The leadership void created by Chapin’s departure and Jackson’s death, coupled with the deteriorating economic climate had left Hudson in a precarious financial position. The strain of restoring the company to solvency was credited as a contributing factor in Chapin’s death at age fifty-six in 1936.
Hudson would survive the Great Depression. But as with Studebaker, Nash, Pierce Arrow, Auburn, and Packard, the company was a shadow of what it had been in the 1920s. In the post WWII years there would be numerous successes such as the introduction of the legendary Hudson Hornet. Still, by 1950 it had become increasingly apparent that the company could not successfully compete against the big three auto manufacturers. Survival required hard decisions and the board of directors turned toward the idea of merger for the first time since 1916.

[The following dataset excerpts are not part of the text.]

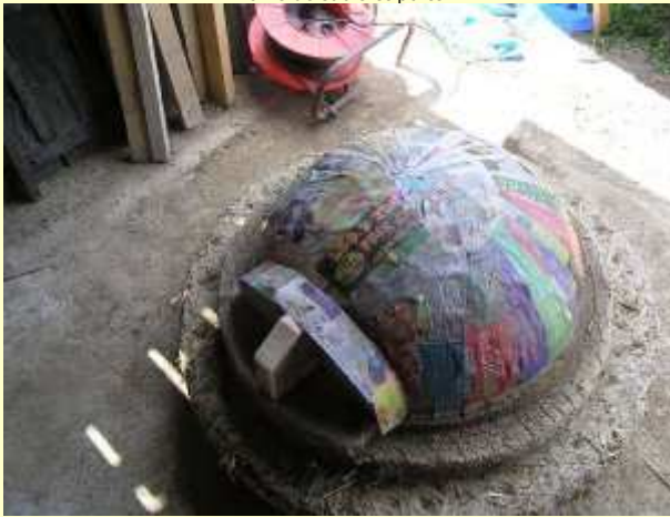
Couche de papier
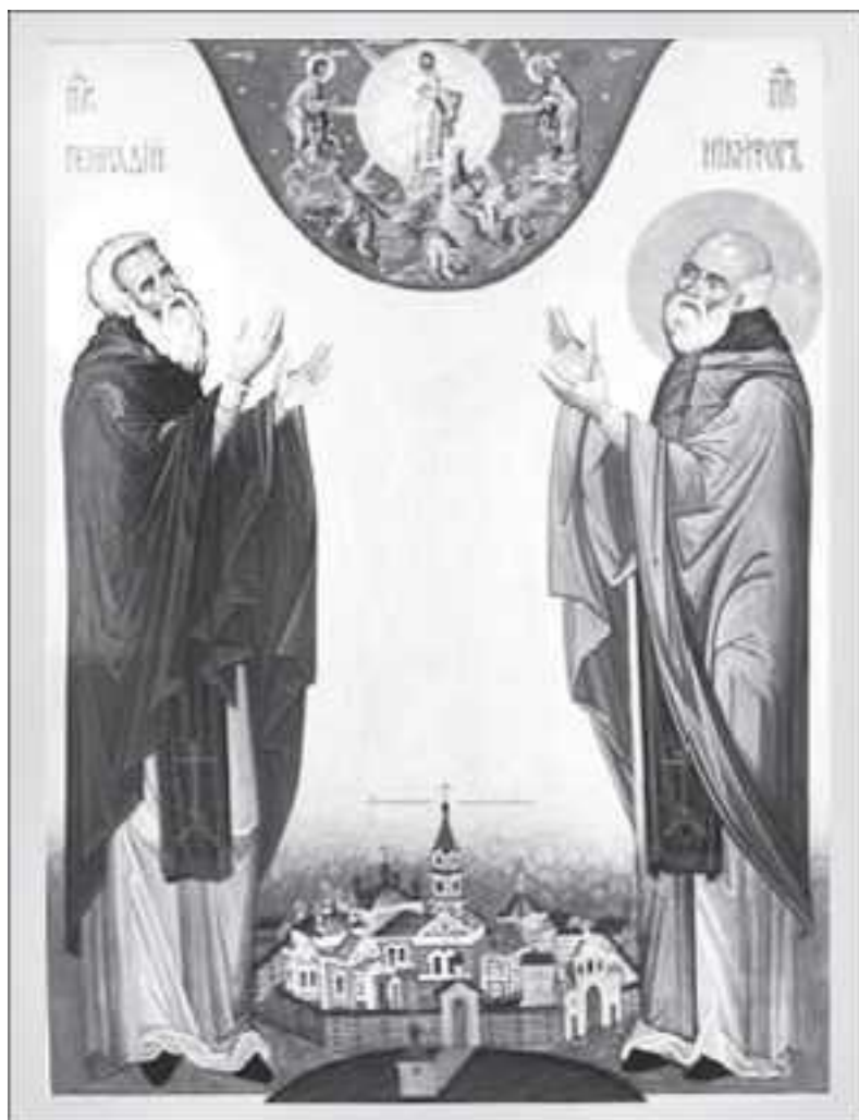
Прп. Никифор и Геннадий Важеозерские

По возвращении оттуда, с благословения преподобного Александра, он поселился на Важеозере там, где раньше подвизался преподобный Геннадий Важеозерский. Святой Никифор построил храм Преображения Господня и монастырь, в котором ввел общежитие. Тут и подвизался он до самой своей кончины. Скончался прп. Никифор 9 февраля 1557 года.
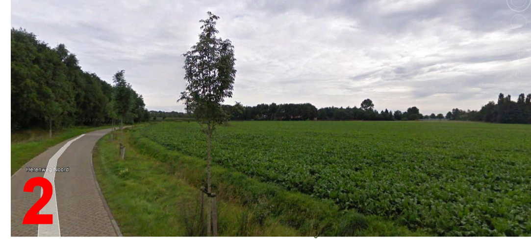
2 zicht vanaf Herenweg noord
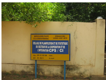
CPS Secteur Coopération et Intégration

Au titre des missions et appuis techniques, l'OMA en partenariat avec le CILSS, la FAO, FEWS-NET et le PAM a effectué une mission conjointe de 10 jours en vue d'évaluer la sécurité alimentaire et les marchés après les récoltes.
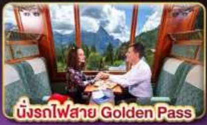
นั่งรถไฟสาย Golden Pass
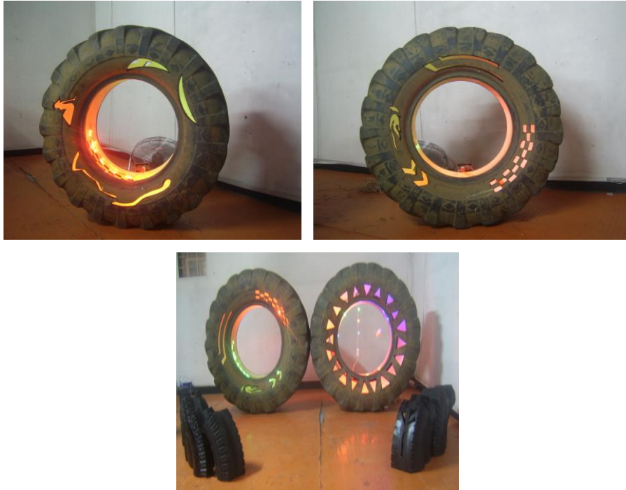
Figura 23. Primeros acercamientos a la obra (continuación)
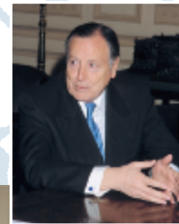
La Tertulia Taurina contó con la visita de José María Álvarez del Manzano.
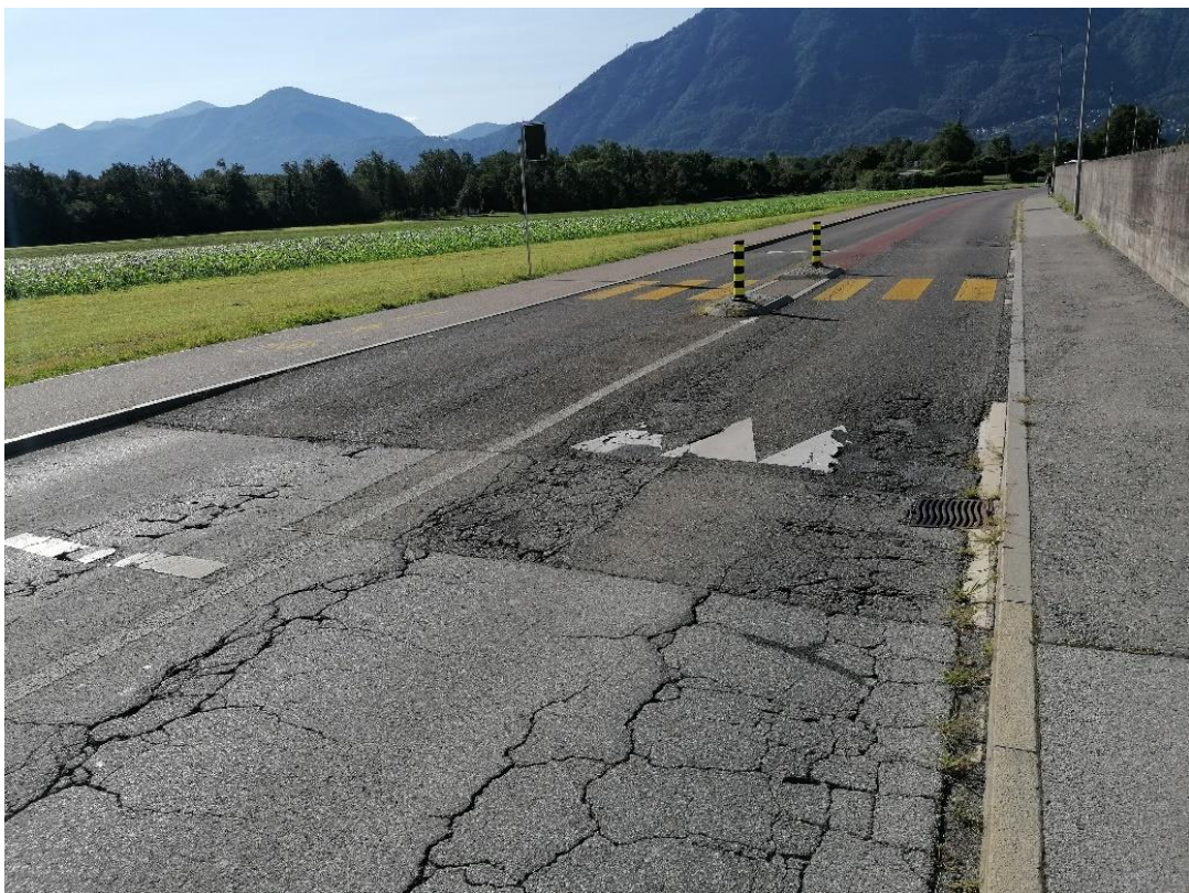
Figura 2: Via Brere vista verso Sud - 1

President George Mason of Nash initially planned a merger with Packard in 1948. He and the President of Packard, James Nance had created a proposal but neither man was able to finalize the plan with their respective board of directors. In 1954, Mason’s second attempt was more successful when he facilitated the merger of Nash-Kelvinator Corporation and Hudson Motor Car Company to create American Motors. Mason envisioned this as the first step in the building of a powerful automobile manufacturing combine that would also include Packard and Studebaker.
The brilliant strategy came up short when Packard merged with Studebaker two months after the formation of American Motors. The plan to merge the four companies died with Mason on October 8, 1954. When George Romney, former vice president, assumed the leadership position he terminated discussions to merge with Packard-Studebaker, and began focusing on making American Motors a contender.
First, he phased out the Nash and Hudson names in late 1957. Next, he focused all resources on the development of the Rambler. In 1959 a Rambler won the 1959 Mobil Economy Run as well as accolades from numerous automotive publications. Incredibly by 1960, Rambler by American Motors was the third most popular brand of automobile in the United States, behind Ford and Chevrolet. Chrysler was a distant fourth. The success of the small car that was in stark contrast to the large chrome bedecked and finned cars that were rolling from the factories of Ford, Chrysler and General Motors was aided in part to a major economic recession
To compete Chevrolet unveiled the Corvair and then Chevy II. Ford unveiled the Falcon, and Chrysler the Valiant and Dart. These cars were the ghost of Christmas future when a decade later an energy crisis would leave manufacturers scrambling to recreate what AMC had done in 1958.
And it all began with one man, one visionary that inspired others to transform a dream into a reality. Roscoe Jackson, the forgotten pioneer with a legacy that bridged the modern era with the origins of the American auto industry.